When there are no side effects the order of evaluation does not matter. It is then possible to evaluate expressions in parallel.
The basic argument is that it is difficult to automatically parallelize languages like C/C++/etc because functions can set global variables. Consider two function calls:
a = foo(b, c);
d = bar(e, f);
Though foo and bar have no arguments in common and one does not depend on the return code of the other, they nonetheless might have dependencies because foo might set a global variable (or other side effect) which bar depends upon.
Functional languages guarantee that foo and bar are independant: there are no globals, and no side effects. Therefore foo and bar could be safely run on different cores, automatically, without programmer intervention.
All the answers above go to the key idea that "no shared mutable storage" is a key enabler to execute pieces of a program in parallel. It does not really solve the equally hard problem of finding things to execute in parallel. But the typical clearer expressions of functionality in functional languages do make it theoretically easier to extract parallelism from a sequential expression.
In practice, I think the "no shared mutable storage" property of languages based on garbage collection and copy-on-change semantics make them easier to add threads to. The best example is probably Erlang, that combines near-functional semantics with explicit threads.
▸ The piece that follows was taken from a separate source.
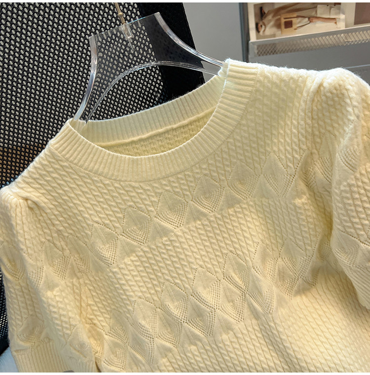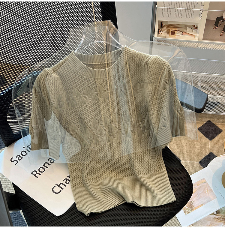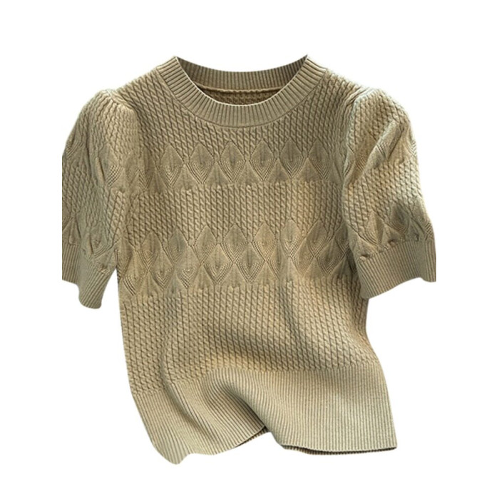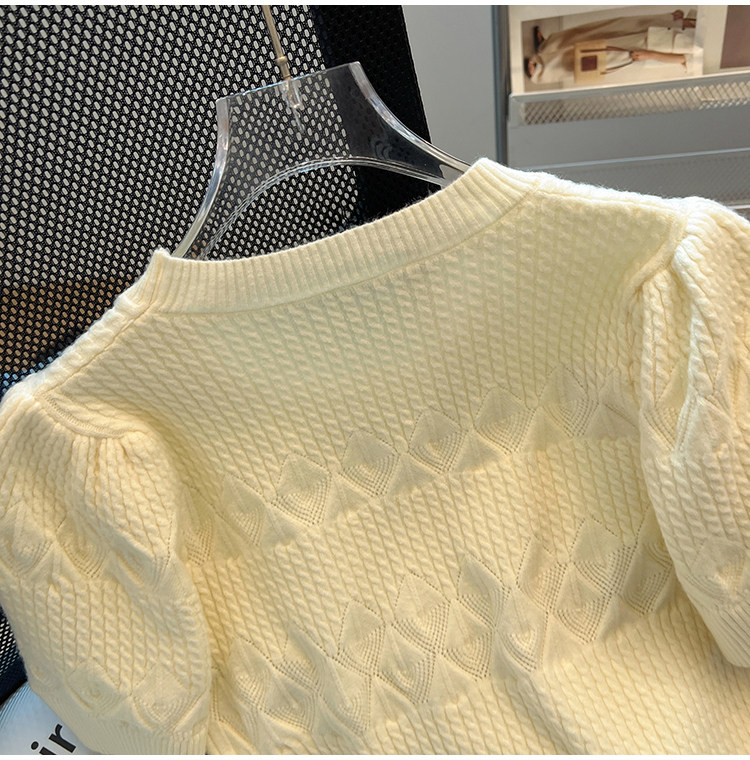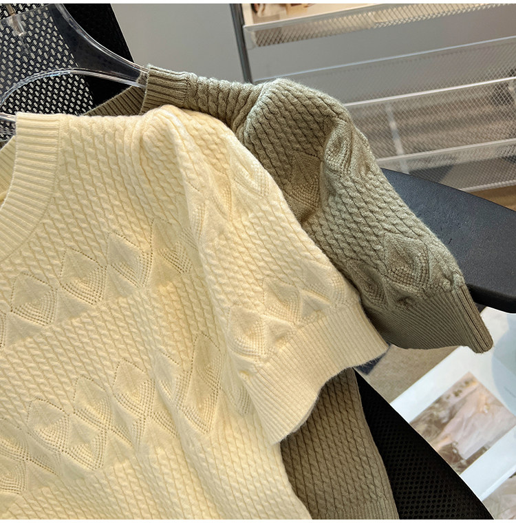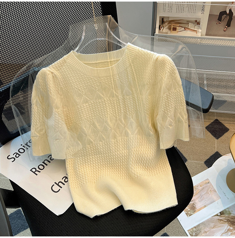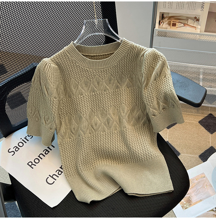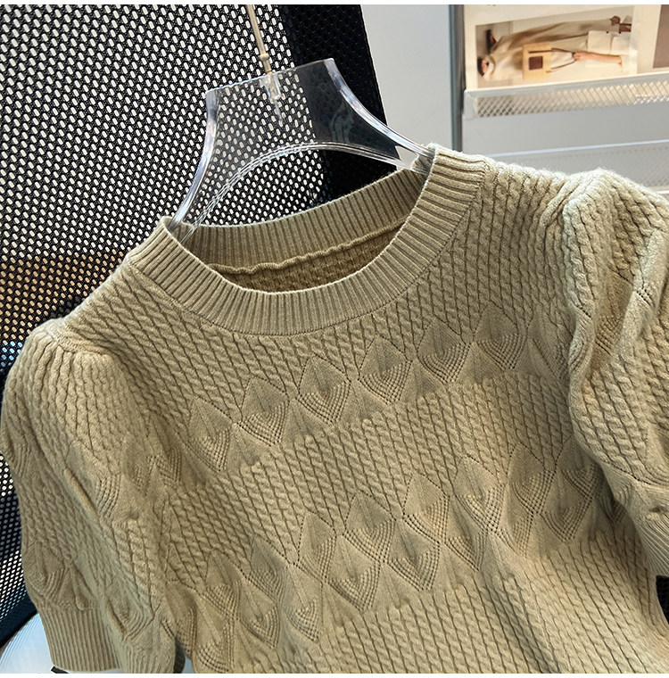 清倉撿漏~專櫃夏季法式泡泡短袖圓領針織T恤女洋氣短款小上衣

This is a little bit of a vague question. One perk of multi-core CPUs is that you can run a functional program and let it plug away serially without worrying about affecting any computing going on that has to do with other functions the machine is carrying out.
The difference between a multi-U server and a multi-core CPU in a server or PC is the speed savings you get by having it on the same BUS, allowing better and faster communication to the cores.
edit: I should probably qualify this post by saying that in most of the scripting I do, with or without multiple cores, I rarely see a problem in getting my data through hackish parallelizing, such as running multiple small scripts at once in my script so I'm not slowed down by things like waiting for URLs to load and what not.
double edit: Furthermore, a lot of functional programming languages have had forked parallel variants for decades. These better utilize parallel computation with some speed improvement, but they never really caught on.
Omitting any technical/scientific terms the reason is because functional program doesn't share data. Data is copied and transfered among functions, thus there is no shared data in the application.
And shared data is what causes half the headaches with multithreading.
The book Programming Erlang: Software for a Concurrent World by Joe Armstrong (the creator of Erlang) talks quite a bit about using Erlang for multicore(/multiprocessor) systems. As the wikipedia article states:
Creating and managing processes is trivial in Erlang, whereas threads are considered a complicated and error-prone topic in most languages. Though all concurrency is explicit in Erlang, processes communicate using message passing instead of shared variables, which removes the need for locks.